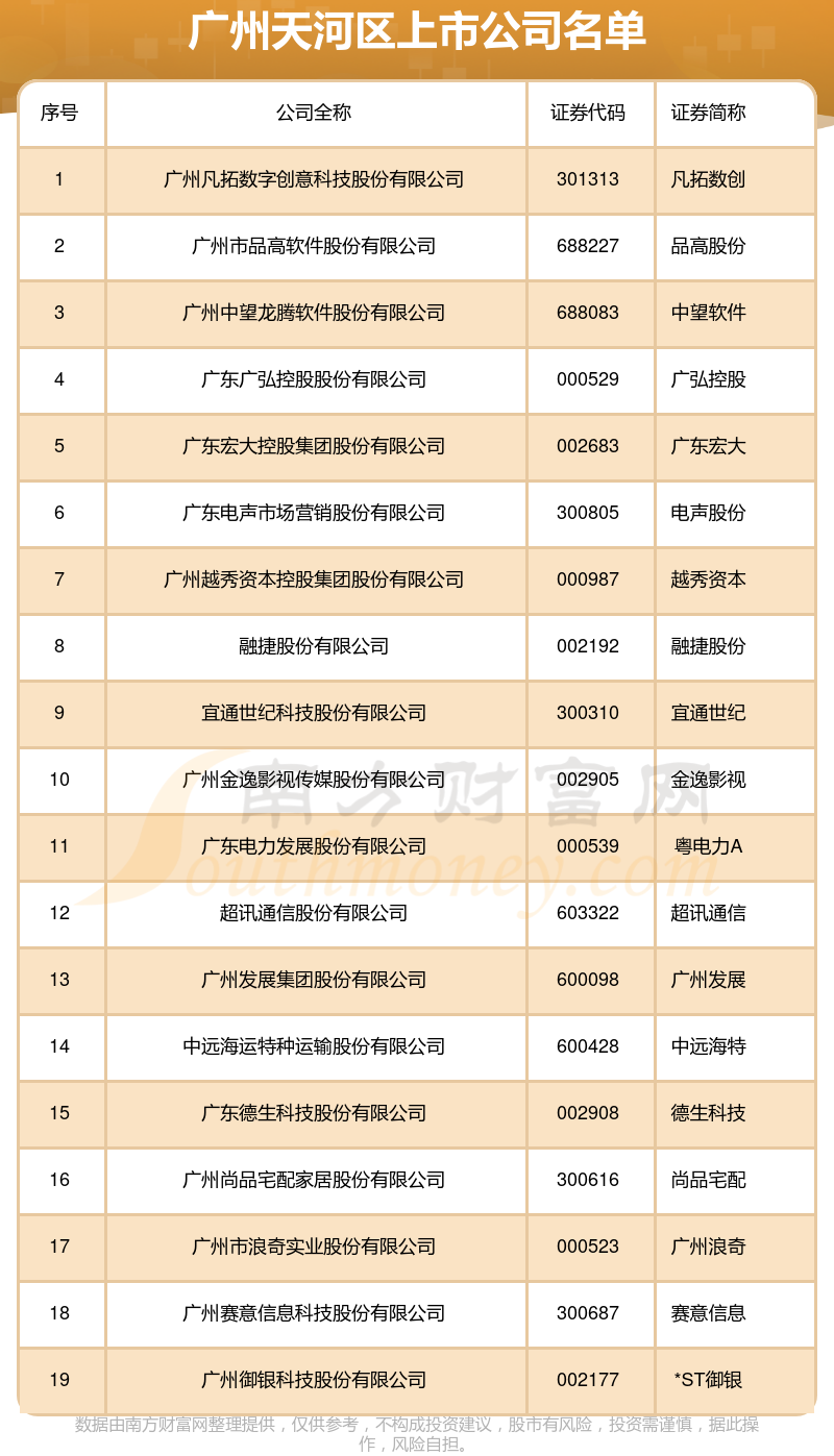 数量上来看,截至10月22日,广州天河区共有19家A股上市公司。其中,上交所5家(中远海特、广州发展、超讯通信、中望软件、品高股份等),深交所14家(御银股份、赛意信息、红棉股份、尚品宅配、德生科技、粤电力A、金逸影视、宜通世纪、融捷股份、越秀资本等)。
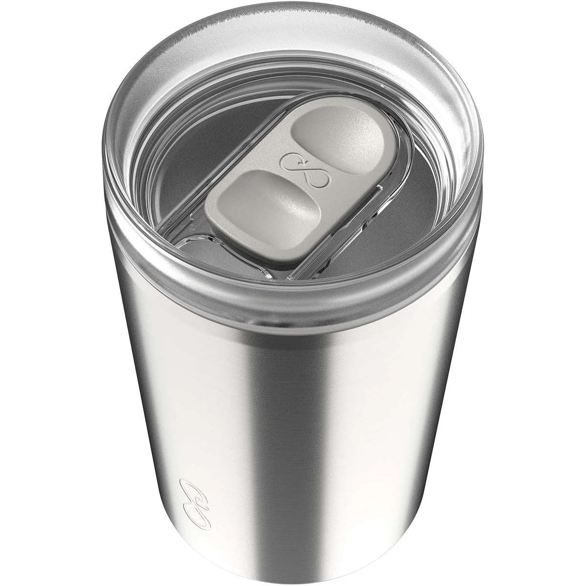 El vaso "Ocean Bottle" de 350 ml tiene aislamiento doble para mantener las bebidas calientes durante cuatro horas y frías durante diez. Cabe perfectamente en la mayoría de las cafeteras, así como en la mayoría de los portavasos de los automóviles. Cada taza de viaje es totalmente neutra en carbono y sirve para financiar la recogida de 1000 botellas de plástico para mejorar los medios de vida en las comunidades costeras. El vaso está fabricado con un 90 % de acero inoxidable reciclado y otros materiales reciclados. Se presenta en una caja de regalo de cartón reciclado de origen responsable.
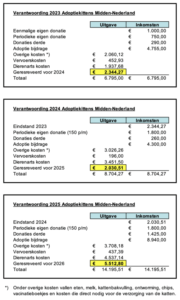 Wij zijn geen stichting, maar hebben geen winstoogmerk. Daarom vinden wij het belangrijk om volledig transparant te zijn over alle inkomsten en uitgaven. Omdat wij de boekhouding volledig apart houden, kunnen wij jaarlijks een overzicht maken van alle betalingen die er binnenkomen en weer uit gaan. Onderstaand het overzicht vanaf 2023.
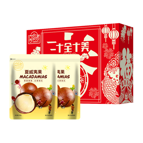 11种坚果炒货搭配,分量足,多种组合搭配更能凸显美味。夏威夷果颗粒饱满,奶香十足,核桃饱满圆润。
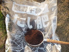 | 1 作付け前に牛糞堆肥を500g/㎡施用 大学農園では、毎作、牛糞堆肥を施用している。 学生が施用する場合は、1㎡当たり「ひしゃく」ですりきり2杯を施用する。 ひしゃく1杯は600mlであり、2杯で1,200ml×堆肥の比重0.4=500g/㎡となる。
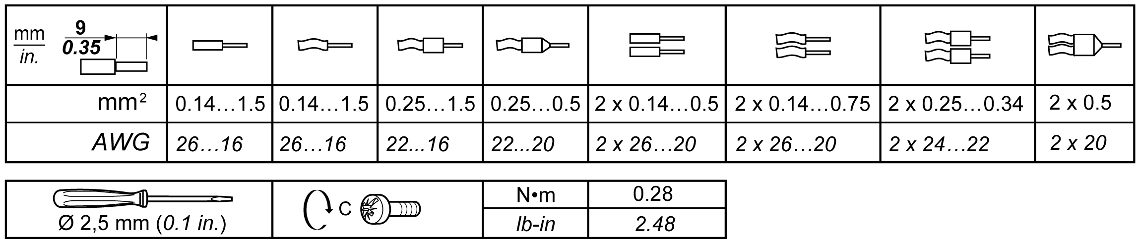 La seguente tabella mostra i tipi e le dimensioni dei cavi per una morsettiera a vite rimovibile con passo 3,81 (I/O e alimentazione):
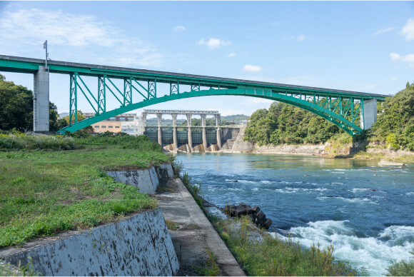 1953年に竣工した、只見川本流にあるダムの中では最も下流に位置するダム。磐越自動車道 会津坂下ICのそばにあり、磐越自動車道からも眺めることができます。ダム天端は駐車場を兼ねた広場となっております。この天端は片門地区と坂本地区を最短距離として結ぶ道路橋としても機能していますが、幅員制限1.5ⅿと道幅が狭く、重量制限1.0トンのため、軽自動車しか通行できません。
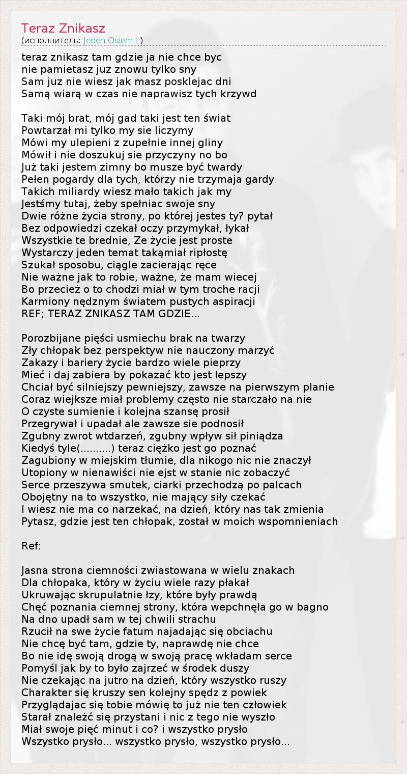 REF ; TERAZ ZNIKASZ ТАМ GDZIE ...

──────────

### Exercise details
Print all the records exactly, minus any images.

### Answer area
 数量上来看,截至10月22日,广州天河区共有19家A股上市公司。其中,上交所5家(中远海特、广州发展、超讯通信、中望软件、品高股份等),深交所14家(御银股份、赛意信息、红棉股份、尚品宅配、德生科技、粤电力A、金逸影视、宜通世纪、融捷股份、越秀资本等)。
 El vaso "Ocean Bottle" de 350 ml tiene aislamiento doble para mantener las bebidas calientes durante cuatro horas y frías durante diez. Cabe perfectamente en la mayoría de las cafeteras, así como en la mayoría de los portavasos de los automóviles. Cada taza de viaje es totalmente neutra en carbono y sirve para financiar la recogida de 1000 botellas de plástico para mejorar los medios de vida en las comunidades costeras. El vaso está fabricado con un 90 % de acero inoxidable reciclado y otros materiales reciclados. Se presenta en una caja de regalo de cartón reciclado de origen responsable.
 Wij zijn geen stichting, maar hebben geen winstoogmerk. Daarom vinden wij het belangrijk om volledig transparant te zijn over alle inkomsten en uitgaven. Omdat wij de boekhouding volledig apart houden, kunnen wij jaarlijks een overzicht maken van alle betalingen die er binnenkomen en weer uit gaan. Onderstaand het overzicht vanaf 2023.
 11种坚果炒货搭配,分量足,多种组合搭配更能凸显美味。夏威夷果颗粒饱满,奶香十足,核桃饱满圆润。
 | 1 作付け前に牛糞堆肥を500g/㎡施用 大学農園では、毎作、牛糞堆肥を施用している。 学生が施用する場合は、1㎡当たり「ひしゃく」ですりきり2杯を施用する。 ひしゃく1杯は600mlであり、2杯で1,200ml×堆肥の比重0.4=500g/㎡となる。
 La seguente tabella mostra i tipi e le dimensioni dei cavi per una morsettiera a vite rimovibile con passo 3,81 (I/O e alimentazione):
 1953年に竣工した、只見川本流にあるダムの中では最も下流に位置するダム。磐越自動車道 会津坂下ICのそばにあり、磐越自動車道からも眺めることができます。ダム天端は駐車場を兼ねた広場となっております。この天端は片門地区と坂本地区を最短距離として結ぶ道路橋としても機能していますが、幅員制限1.5ⅿと道幅が狭く、重量制限1.0トンのため、軽自動車しか通行できません。
 REF ; TERAZ ZNIKASZ ТАМ GDZIE ...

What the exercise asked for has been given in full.